#### Given material:
= Beginning of Section =

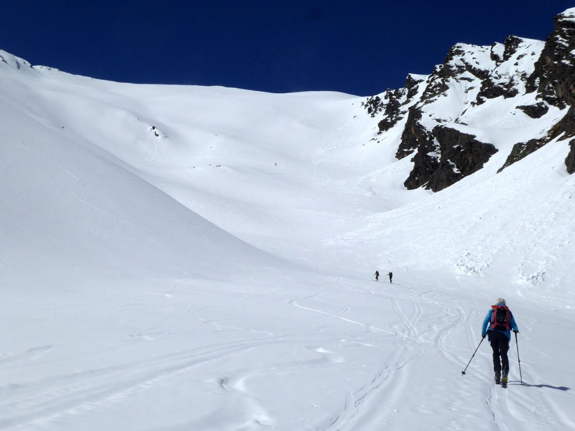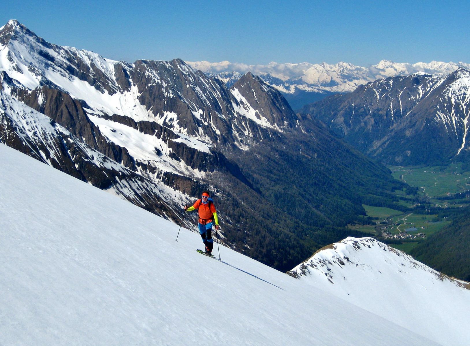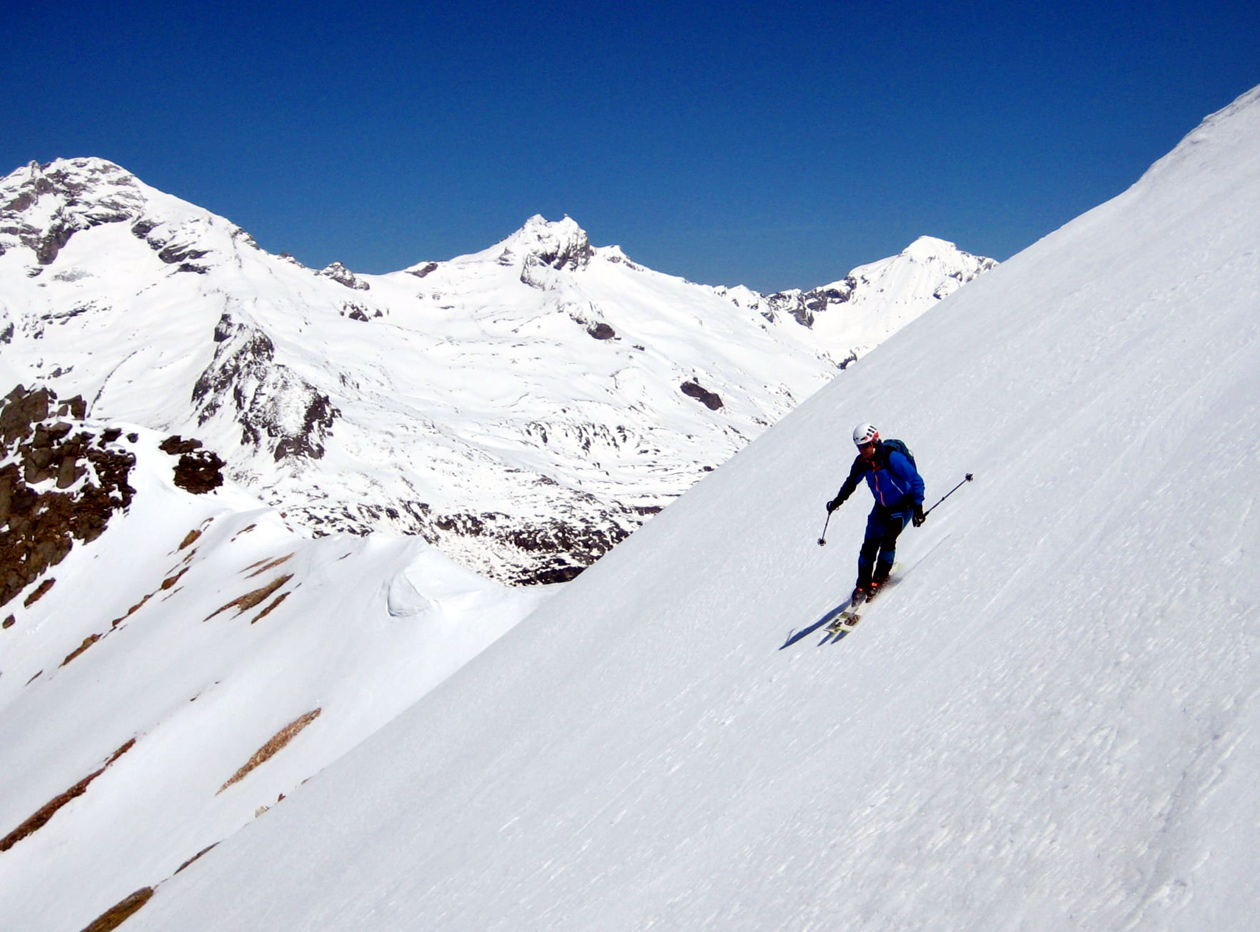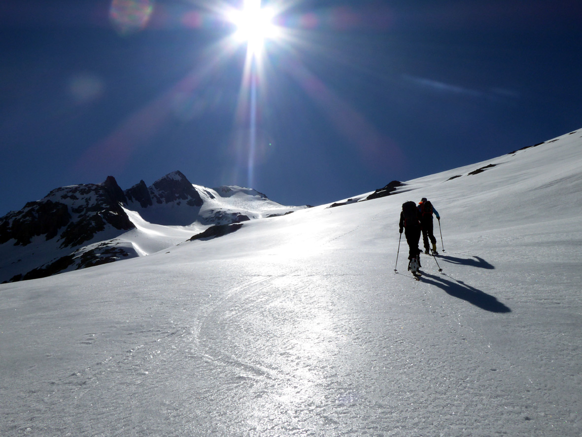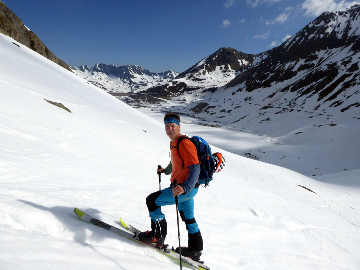 Vom Zamsgatterl am Schlegeis knapp 3 km Fußmarsch, ab dann mit Skiern durchgehend Schnee bis zum Gipfel. Die Westexposition blieb im Aufstieg recht hart, Harscheisen waren kein Luxus im ewa 35 Grad steilen Gipfelhang. Sehr konzentriertes Steigen nötig, mit Skiern bis zum aussichtsreichen Gipfel auf der Grenze zwischen Österreich und Italien. Abfahrt um 12 Uhr - oben noch hart, ab etwa 2700 m perfekter Firn. Geringes Lawinenrisiko heute, eher die Gefahr des Abrutschens im Aufstieg.
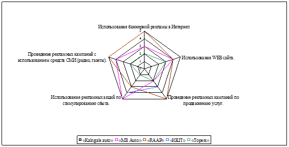 5. Предприятие «KALNGALE AUTO» не осуществляет целенаправленного планирования по использованию средств рекламы в своей маркетинговой деятельности, но правильный и продуманный выбор каналов коммуникации, позитивно повлияет на конкурентоспособность, повышение имиджа, привлечения новых клиентов и эффективности продвижения своих товаров и услуг на рынке.
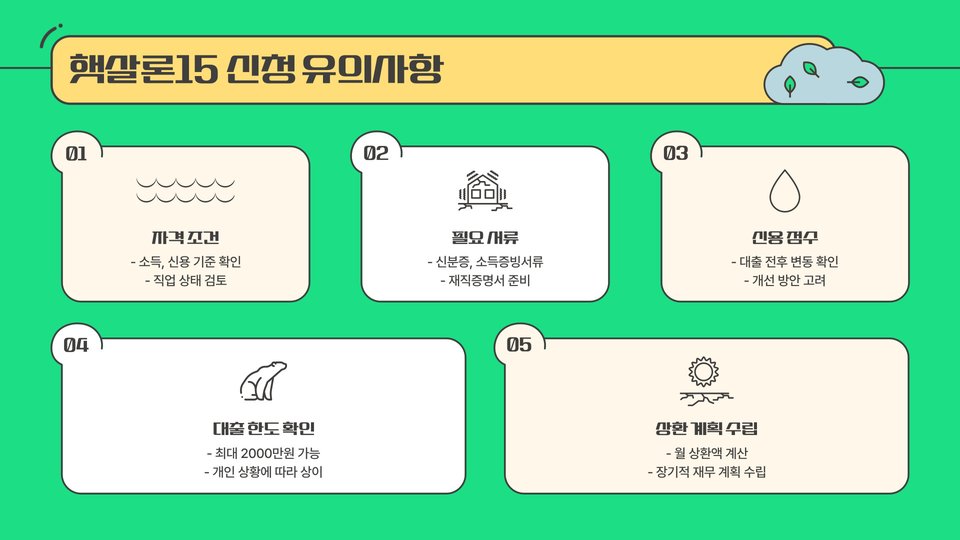 햇살론15를 이용할 때는 몇 가지 유의사항이 있습니다. 먼저, 대출 상환 능력을 정확히 평가해야 합니다. 자금의 용도와 상환 계획을 명확히 하고, 대출 금액이 적절한지 확인하는 것이 중요합니다.

= End of Section =

#### Task to carry out:
The answer must repeat every line of the listing exactly and leave the pictures out.

#### Task result:
 Vom Zamsgatterl am Schlegeis knapp 3 km Fußmarsch, ab dann mit Skiern durchgehend Schnee bis zum Gipfel. Die Westexposition blieb im Aufstieg recht hart, Harscheisen waren kein Luxus im ewa 35 Grad steilen Gipfelhang. Sehr konzentriertes Steigen nötig, mit Skiern bis zum aussichtsreichen Gipfel auf der Grenze zwischen Österreich und Italien. Abfahrt um 12 Uhr - oben noch hart, ab etwa 2700 m perfekter Firn. Geringes Lawinenrisiko heute, eher die Gefahr des Abrutschens im Aufstieg.
 5. Предприятие «KALNGALE AUTO» не осуществляет целенаправленного планирования по использованию средств рекламы в своей маркетинговой деятельности, но правильный и продуманный выбор каналов коммуникации, позитивно повлияет на конкурентоспособность, повышение имиджа, привлечения новых клиентов и эффективности продвижения своих товаров и услуг на рынке.
 햇살론15를 이용할 때는 몇 가지 유의사항이 있습니다. 먼저, 대출 상환 능력을 정확히 평가해야 합니다. 자금의 용도와 상환 계획을 명확히 하고, 대출 금액이 적절한지 확인하는 것이 중요합니다.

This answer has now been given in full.